━━━━━ MATERIAL PROVIDED
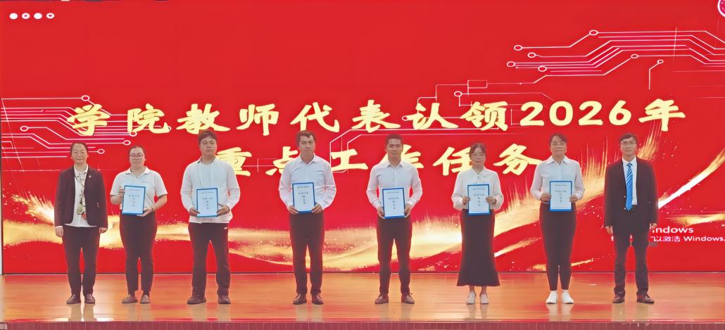 目标引领方向,承诺凝聚力量。会议第五项举行了庄重的2026年重点工作任务认领仪式。段淑玉、袁浩浩、孙子君、张雪萍、李福章、温传美、冯俊华等七位教师作为代表,上台从学院党委书记梁茜茜、院长陈华金手中郑重接过任务认领书。这既是一份责任状,更是一份军令状,彰显了学院教师主动担当、攻坚克难的决心。
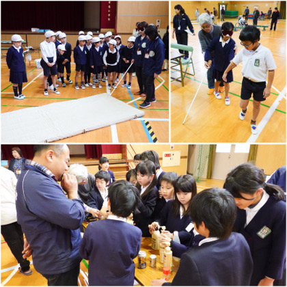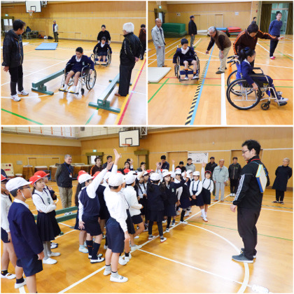 28日(木)と29日(金)の2日間、3年生対象に、講堂で車いす&アイマスク体験が行われました。体験は、各クラス1時間ずつで、1クラスを2グループに分けて、ローテーションで活動しました。
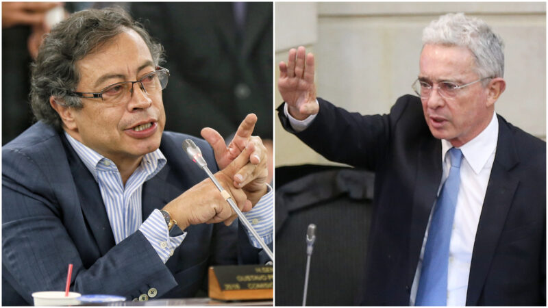 Álvaro Uribe Vélez criticó a Gustavo Petro en sus redes sociales. Fotos: Colprensa.
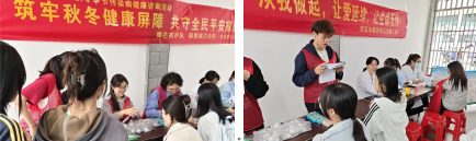 活动现场,医护人员通过健康咨询、科普手册发放、血压血糖义诊等形式,向现场师生细致普及流感、诺如病毒感染性腹泻、手足口病等常见秋季传染病的传播途径、典型症状及预防要点。特设的流感知识答题区互动热烈,同学们踊跃抢答,以学促用,既检验了知识掌握度,更激发了健康知识学习热情,让科学防护理念深入人心。
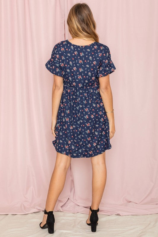 This Ditsy Floral Ruffle Chest Pocket Dress is a must-have for those looking to add a piece to their collection that is both versatile and stylish, ensuring you look great no matter where you go.
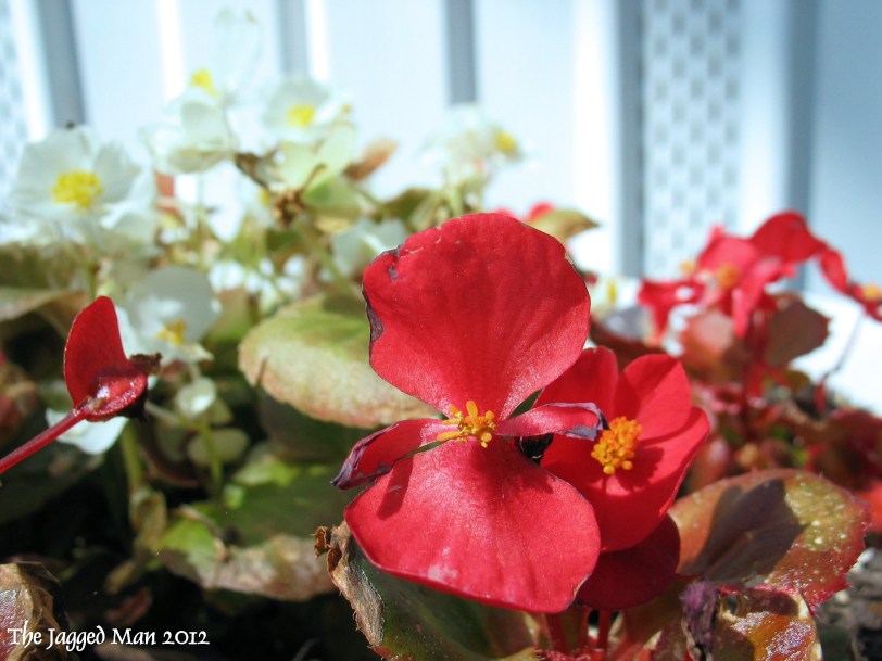 I took this picture a couple of days ago after a relative heavy frost. Most of the flowers in my neck of the woods have bloomed early and the foliage is showing the effects for their early exuberance. The frosts are taking their toll but the flowers beauty still shows through. My life feels a little bit weather tested itself.
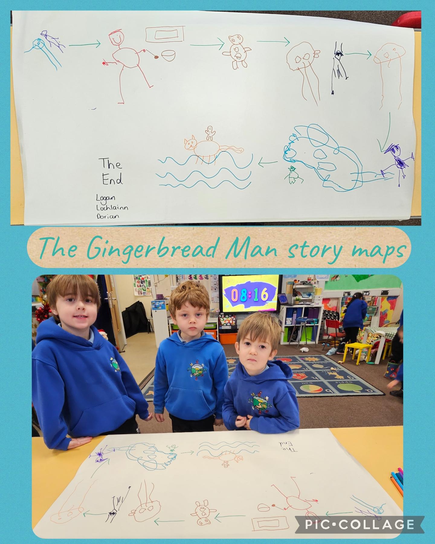 We read The Gingerbread Man story and worked in groups to create story maps.
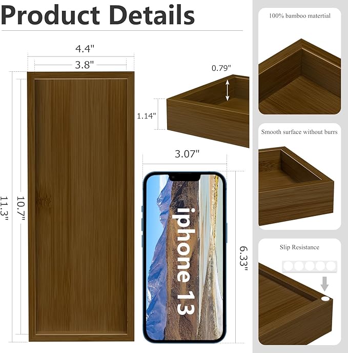 - Perfect Size and Durability: Our decorative tray, measuring 11.3’’x 4.4’’x 1.14’’, showcases your items beautifully. Crafted from premium bamboo, it's easy to clean and built to last, ensuring long-lasting use
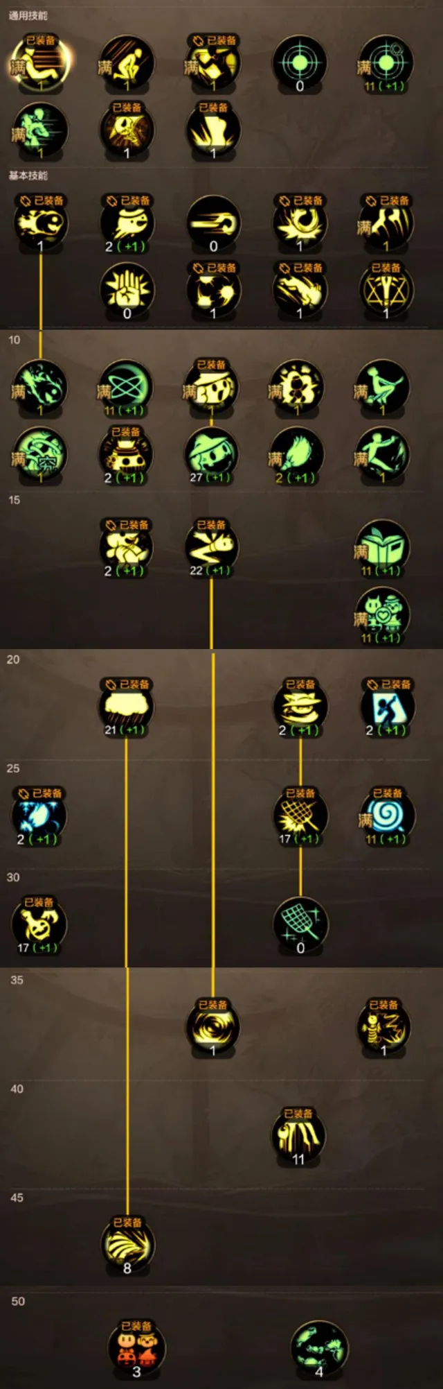 其實就是上述出現過的技能都點滿,然後被動和覺醒點滿,其他都可點一級,點一個小草人。
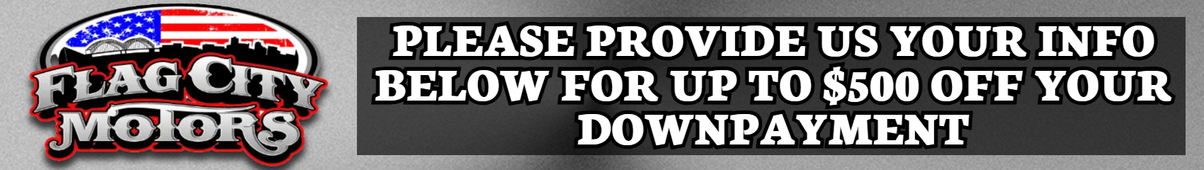 By checking this box I hereby consent to receive customer care text messages and/or phone calls from or on behalf of Flag City Motors or their employees to the mobile phone number I provided above. By opting in, I understand that message and data rates may apply. This acknowledgement constitutes my written consent to receive text messages to my cell phone and phone calls, including communications sent using an auto-dialer or pre-recorded message. You may withdraw your consent at any time by texting "STOP" or "HELP" for help. See our https://www.flagcitymotorstn.com/privacy for more information.
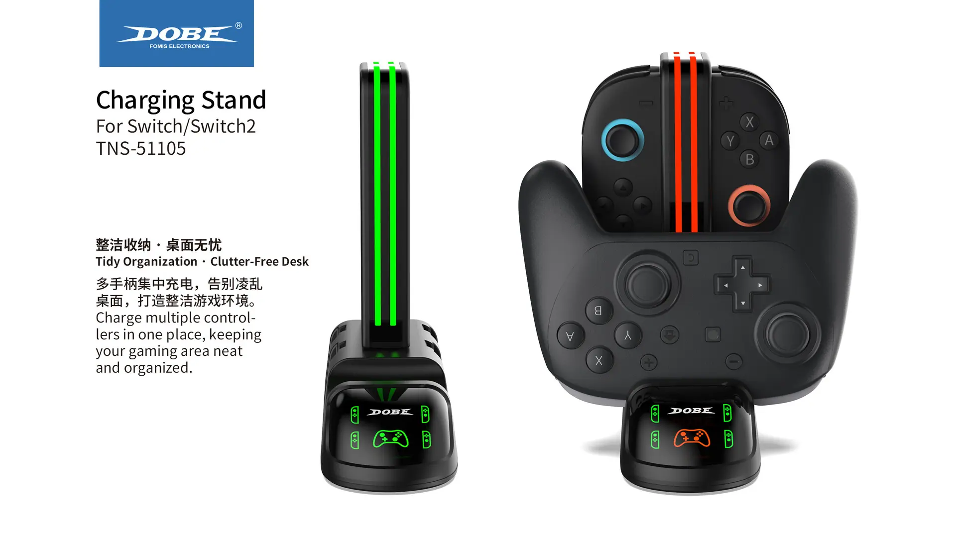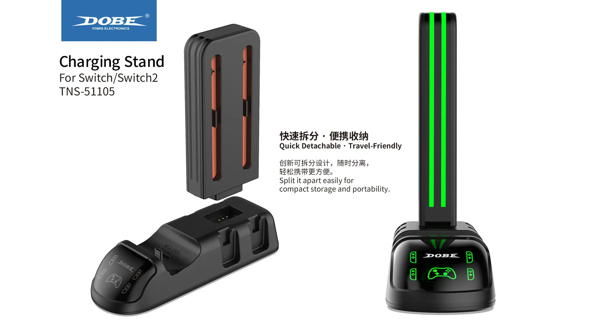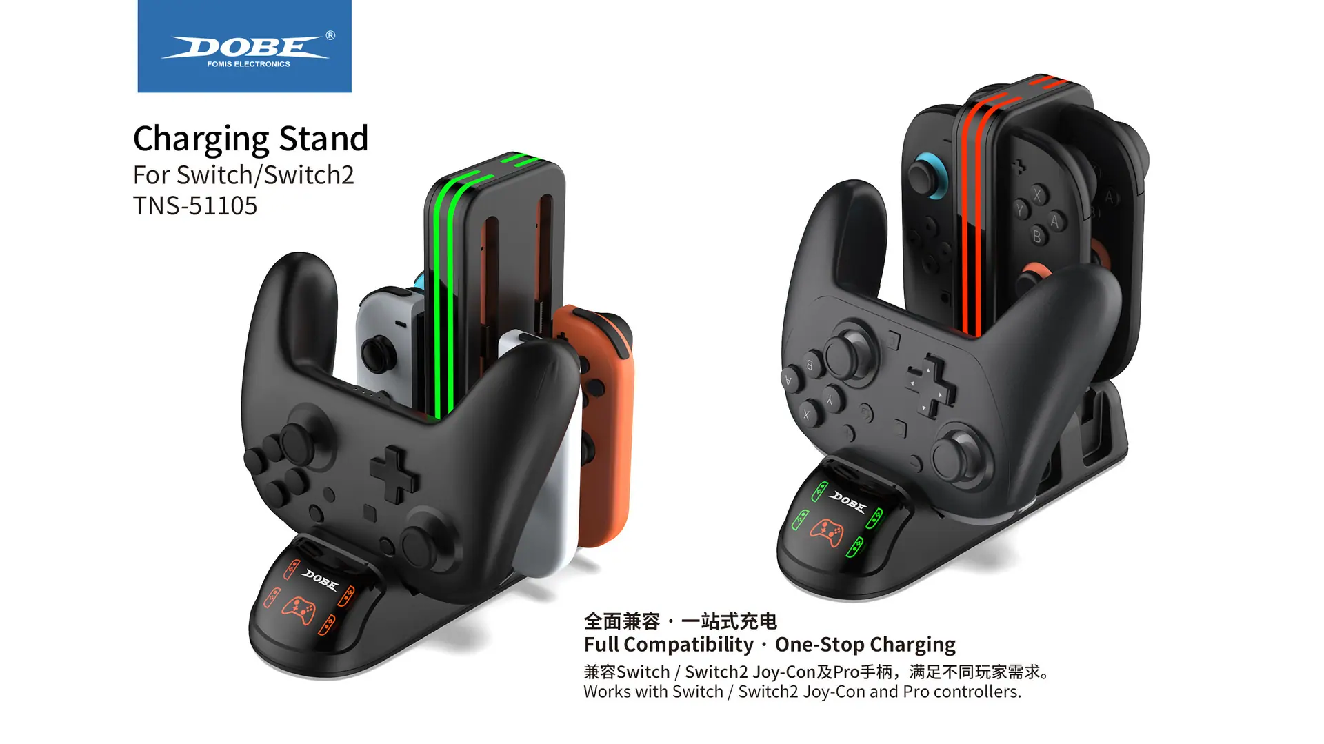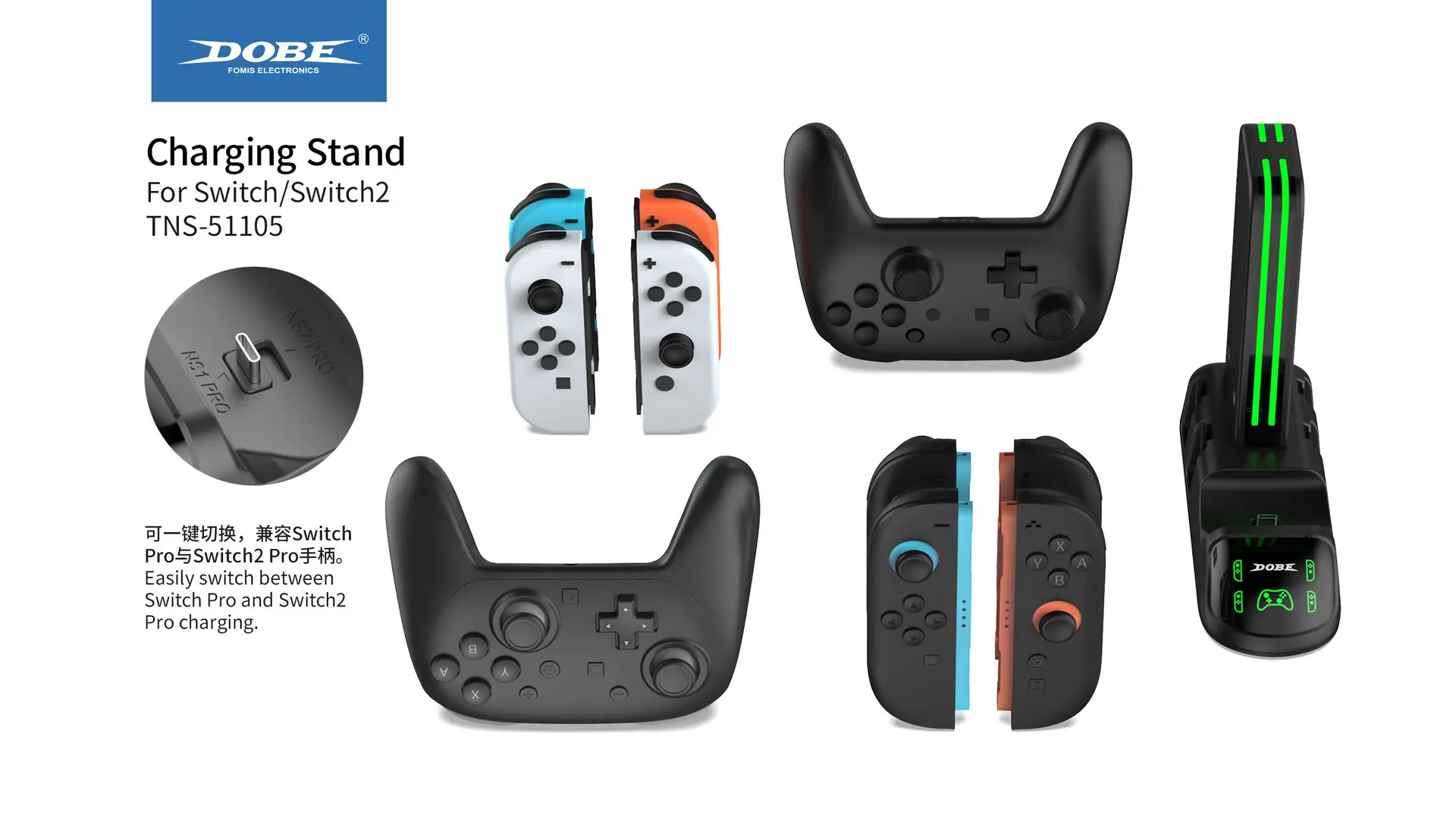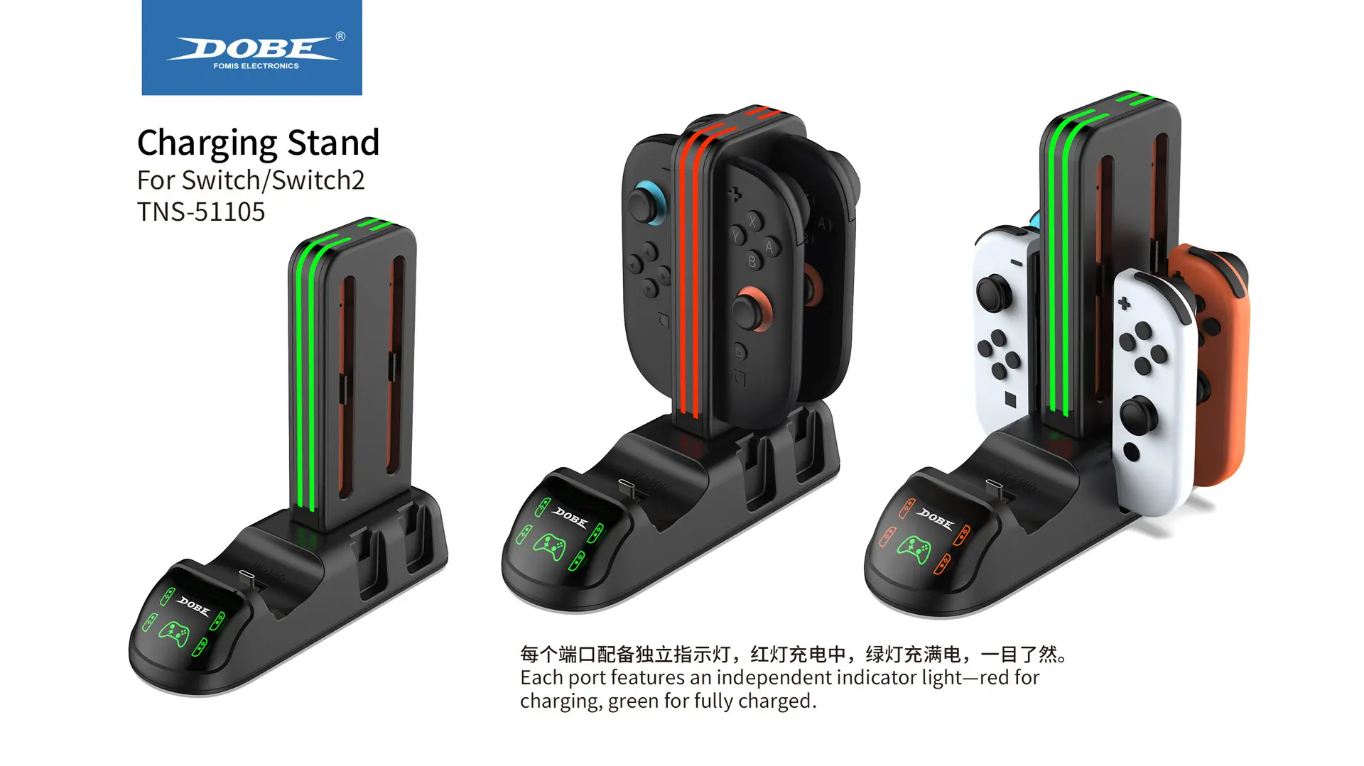 Este producto es una base de carga diseñada para los controles izquierdo y derecho N-S1/N-S2 y los controles N-S 1 Pro/N-S 2 Pro. La carga es más estable, y colocar y quitar los controles es más conveniente. El frente de la base de carga está equipado con luces indicadoras independientes para mostrar instantáneamente el estado de carga de cada control, haciéndolo claro de un vistazo. La apariencia general es simple y elegante, no solo altamente práctica sino que también añade conveniencia y estética a tu experiencia de juego, convirtiéndola en un accesorio indispensable y considerado para los jugadores de N-S.
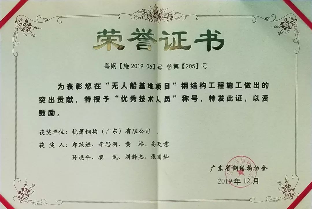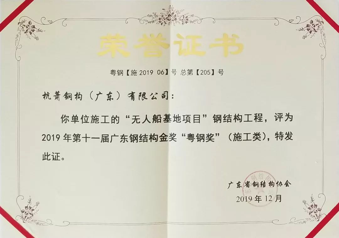 近日,广东省钢结构协会召开了第六届理事会第一次会议。会上,杭萧钢构(广东)有限公司(以下简称“广东杭萧”)承建的珠海无人船基地项目钢结构工程荣获第十一届广东省钢结构金奖“粤钢奖”;广东杭萧游俊被评为2019年度“粤钢奖”工程优秀项目经理;郑跃进、辛思羽、黄添、高天意等8名管理人员被授予“优秀技术人员”荣誉称号。
━━━━━━━━━━
ACTIVITY —
Each line from the first line of the records through the line containing "Álvaro Uribe Vélez" must be reproduced exactly, with both ends included and all pictures omitted; nothing else belongs in the answer.

TASK ANSWER —
 目标引领方向,承诺凝聚力量。会议第五项举行了庄重的2026年重点工作任务认领仪式。段淑玉、袁浩浩、孙子君、张雪萍、李福章、温传美、冯俊华等七位教师作为代表,上台从学院党委书记梁茜茜、院长陈华金手中郑重接过任务认领书。这既是一份责任状,更是一份军令状,彰显了学院教师主动担当、攻坚克难的决心。
 28日(木)と29日(金)の2日間、3年生対象に、講堂で車いす&アイマスク体験が行われました。体験は、各クラス1時間ずつで、1クラスを2グループに分けて、ローテーションで活動しました。
 Álvaro Uribe Vélez criticó a Gustavo Petro en sus redes sociales. Fotos: Colprensa.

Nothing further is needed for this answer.